Real-time Social Network Analysis
The internet age and growth of social networks was a game changer for human sciences. If previously researchers and analysts had to carefully design data collection processes, now people are sharing their thoughts and concerns on a daily (or hourly) basis. For example, the retail sector can gain instant feedback about a new product.
However, high frequency of the data makes the data collection and analysis extremely difficult. Moreover, the volume of the data from the social networks can exceed the capacity of in-house data processing systems.

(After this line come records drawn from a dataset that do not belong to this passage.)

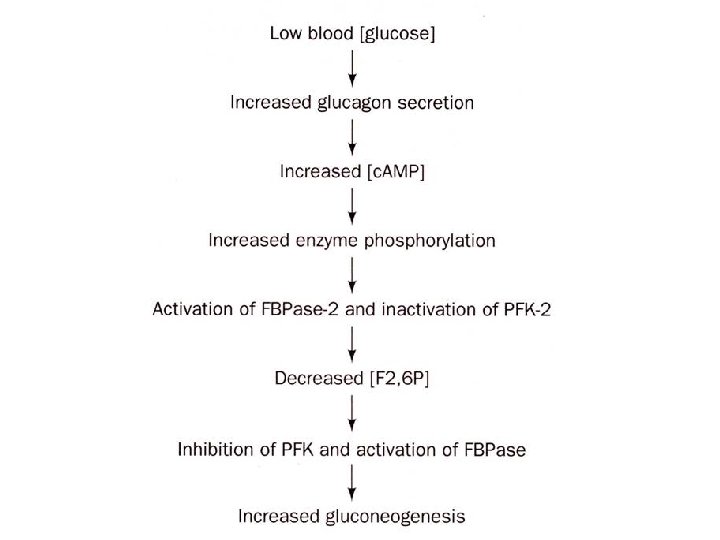 During the well-fed state: low level of Glucagon and high level of insulin elevated fructose 2, 6 -bisphosphate act as intracellular signals indicating the glucose is abundant activate the glycolysis During starvation: elevated glucagon and low level of insulin decrease the glycolysis and increase the gluconeogenesis
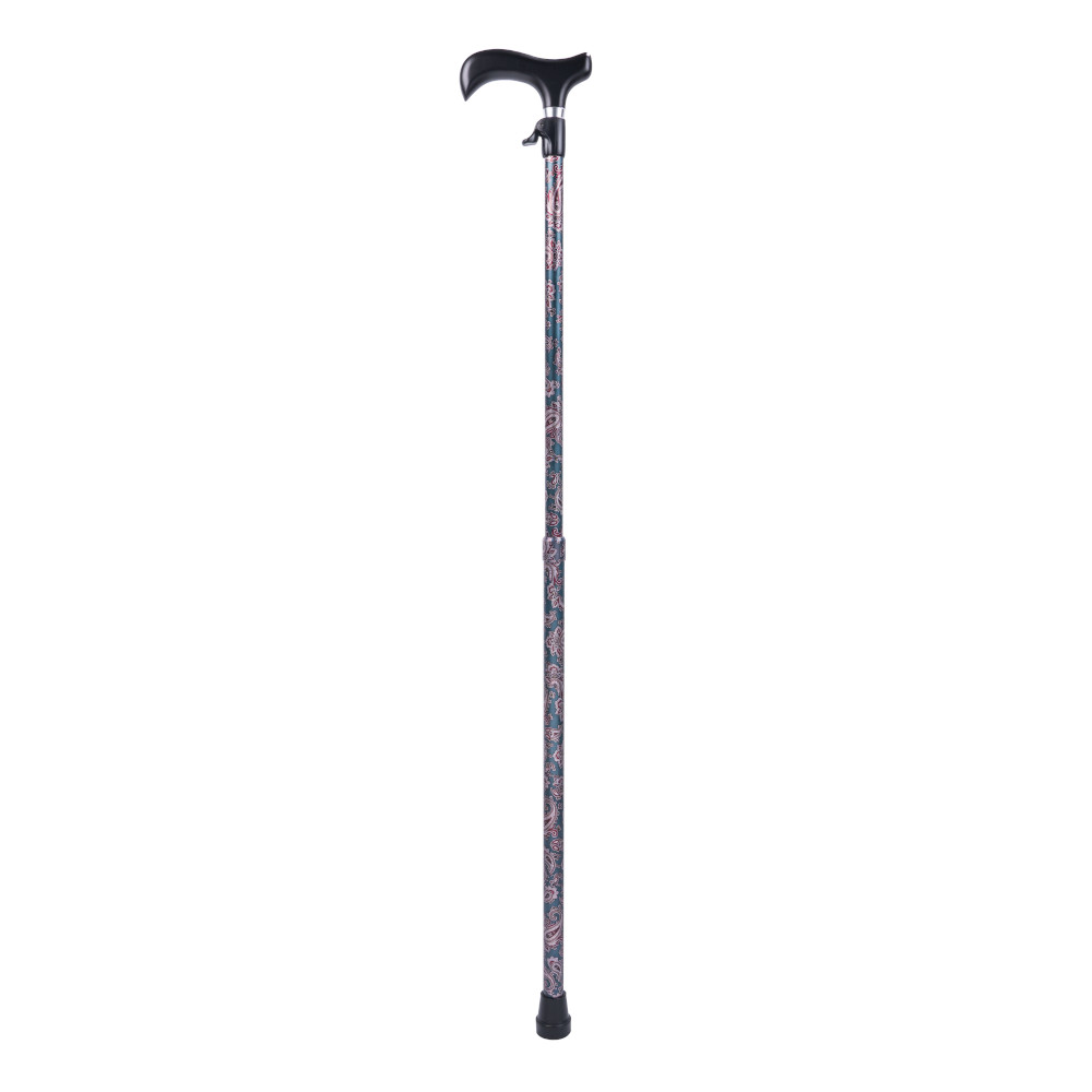 Esta muletilla stand up extensible está fabricada en aluminio. El tubo es es de diseño de cachemir en fondo verde, y dispone de un botón o gatillo para poder regularla a la altura necesaria.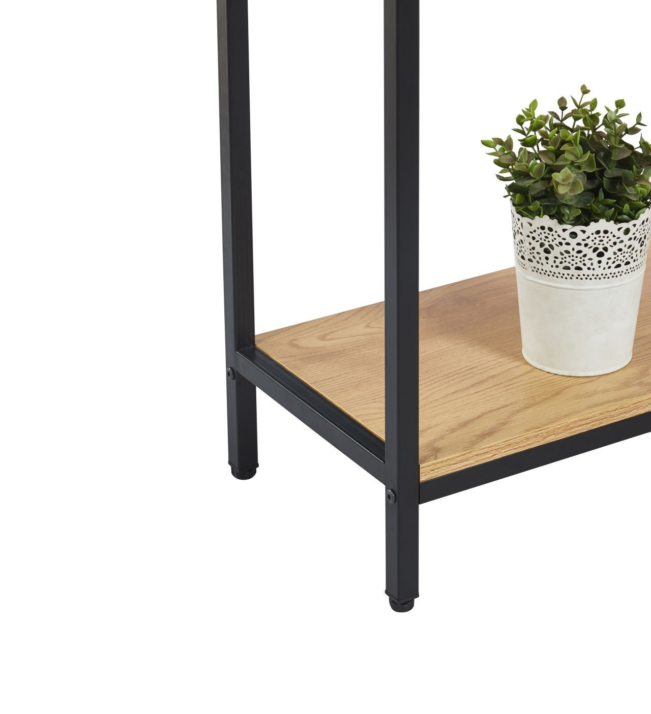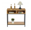 MÉRETEK: - mélység: 30 cm - szélesség: 80 cm - magasság: 75 cm ANYAG: - laminált forgácslap + porszórt festett fém SZÍN: - természetes tölgy + fekete EGYÉB: - két nyitott polc

In this use case, data pipelines are developed to collect, process, and store the data using the Cloud Pub/Sub, Cloud Dataflow and BigQuery services from the Google Cloud Platform. The solution enables effective and holistic data collection and protection against data loss that increases the confidence of the data analysis. Moreover, the CAPEX and OPEX required for such a system are dramatically reduced by using infrastructure and services managed by Google Cloud. In addition, by using the Natural Language API of the Google Cloud in the pipelines, one can analyze the texts of the captured content on-the-fly and load the results of the analysis (e.g. sentiment analysis) in BigQuery together with the captured data.
The solution was also presented as a hands-on workshop at the IWR (Interdisciplinary Center for Scientific Computing) of University of Heidelberg.